Records that document income:
The following records must be kept for 3 years after filing the return and serve as evidence of items that are considered taxable and those that are not (and why):
- Bank and broker forms
- Invoices and sales receipts
- Loan paperwork, any signed receipts or check copies and any other documentation for items that may appear to be income on the bank statement but are not
Records that document deductions:
Simply showing up on your business credit card or business checking account statement does not make it a deductible expense. In case of your records being examined, the following would have to be shown: amount of deduction, date of deduction, business purpose of the deduction. It helps to remember that certain expenses such as travel, meals/entertainment and mileage may face heightened scrutiny.

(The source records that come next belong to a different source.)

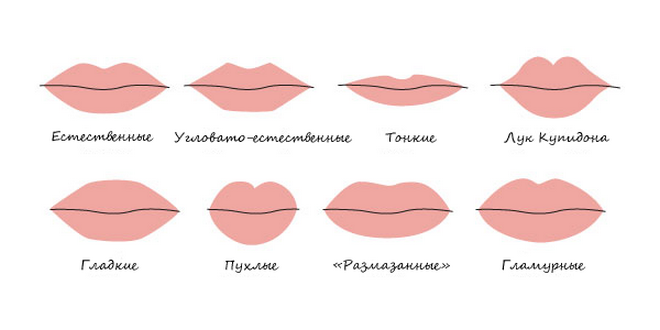 Como hoje estamos considerando uma maquiagem permanente nos lábios, a correção do resto do corpo ainda não nos interessa. No entanto, também existem aqui muitas variedades. Dependendo do objetivo inicial, as seguintes opções são diferenciadas: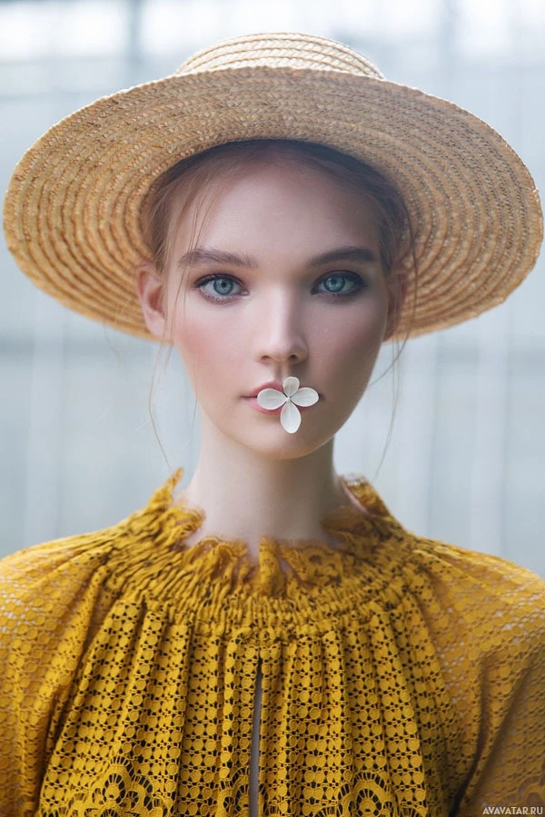 white flower near her mouth. Her makeup is subtle but enhances her natural features, such as the blue color on her eyes, which could suggest contact lenses or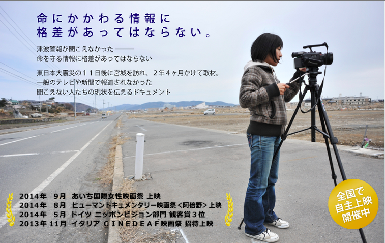 聞こえる人と聞こえない人の日常における交流がもっとあれば、助かったかもしれない。耳が聞こえない難聴の監督が、東日本大震災の被災地・宮城県で2年4ヶ月追いかけた記録を通して、ろう・難聴者の存在や現状、災害に備えて聞こえる人、聞こえない人ができることは何かを考えさせられるドキュメンタリー映画。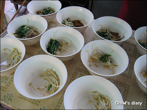 吃到後來才發現底下有著燙韭菜跟豆芽,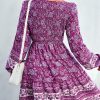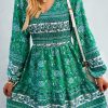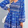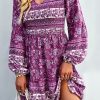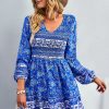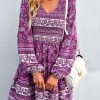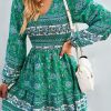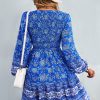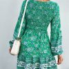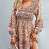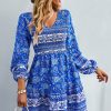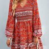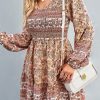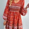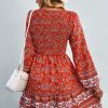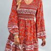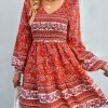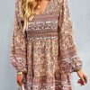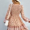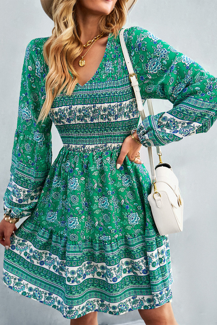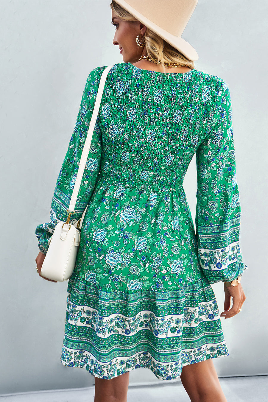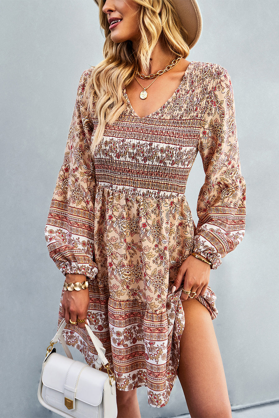 / Smock V Neck Floral Print Ruffle Long Puff Sleeve Mini Boho Dress

The following documents should be kept for 3 years after filing the return:
- Lender Forms 1098 to substantiate interest paid on mortgaged property
- Credit card statements showing year-end interest paid
- Loan or other statements showing business interest paid or lines of credit from vendors
- Receipts showing the payment amount, date and business purpose for all expenses
- Mileage logs showing date, mileage and purpose of a trip-there are great apps available nowadays like MIleIQ to make the process easy and paperless
- Mileage logs can include personal and business miles to determine business use percentage for any vehicles
Records for assets and liabilities
A rookie mistake would be to categorize loan proceeds as income. Make sure to keep records that support deposits that are related to loan proceeds. When disposing of assets, make sure to keep track of the asset basis, as overstating asset basis is just as bad as understating gross income. Keep any related records for three years. Substantial understatement of income may extend examination period from 3 to 6 years.

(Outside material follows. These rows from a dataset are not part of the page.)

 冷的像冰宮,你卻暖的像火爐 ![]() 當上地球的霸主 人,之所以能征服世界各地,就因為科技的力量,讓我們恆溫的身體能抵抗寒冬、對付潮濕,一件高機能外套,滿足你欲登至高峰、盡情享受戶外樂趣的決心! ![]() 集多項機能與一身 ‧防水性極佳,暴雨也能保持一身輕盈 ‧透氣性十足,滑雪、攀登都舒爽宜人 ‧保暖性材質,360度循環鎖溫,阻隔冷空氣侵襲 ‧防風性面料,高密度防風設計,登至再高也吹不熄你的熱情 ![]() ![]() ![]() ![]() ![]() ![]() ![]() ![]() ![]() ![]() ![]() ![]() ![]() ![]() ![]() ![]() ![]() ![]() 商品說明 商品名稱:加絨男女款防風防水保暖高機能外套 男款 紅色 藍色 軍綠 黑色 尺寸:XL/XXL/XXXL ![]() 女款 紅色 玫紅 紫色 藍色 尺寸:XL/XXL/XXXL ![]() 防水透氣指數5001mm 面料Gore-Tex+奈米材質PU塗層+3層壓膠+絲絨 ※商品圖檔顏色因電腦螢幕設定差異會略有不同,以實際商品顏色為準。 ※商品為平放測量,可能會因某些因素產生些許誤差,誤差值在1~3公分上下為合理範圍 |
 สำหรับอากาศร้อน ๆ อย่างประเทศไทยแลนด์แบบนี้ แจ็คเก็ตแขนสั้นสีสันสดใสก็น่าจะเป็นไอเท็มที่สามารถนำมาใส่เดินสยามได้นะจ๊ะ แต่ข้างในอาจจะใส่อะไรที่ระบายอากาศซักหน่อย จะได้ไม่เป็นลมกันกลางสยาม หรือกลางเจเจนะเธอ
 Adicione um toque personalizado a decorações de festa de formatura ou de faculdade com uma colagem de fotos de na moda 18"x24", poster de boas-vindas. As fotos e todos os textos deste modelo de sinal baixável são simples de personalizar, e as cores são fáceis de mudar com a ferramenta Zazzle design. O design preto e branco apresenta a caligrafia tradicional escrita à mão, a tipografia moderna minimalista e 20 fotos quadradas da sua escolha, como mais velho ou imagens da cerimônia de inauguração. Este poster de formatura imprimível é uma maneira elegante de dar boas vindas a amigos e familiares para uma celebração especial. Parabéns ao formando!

Records for ownership interests
Keep any records related to partnership interest for at least three years after disposition of partnership interest. These may include but are not limited to any agreement noting the disposition of interest, as well as Partnership and Service agreements that detail ownership interest as well as distributive percentage as it’s not always the same.
Keeping track of partner asset basis versus business asset basis is important as those are often times different.
Lastly, recordkeeping shouldn’t be done on as-needed basis or in case of emergency (audit). Recordkeeping should become a part of your daily business practice. Fortunately for all of us, there are plenty of ways to do this seamlessly and without mounds of paper.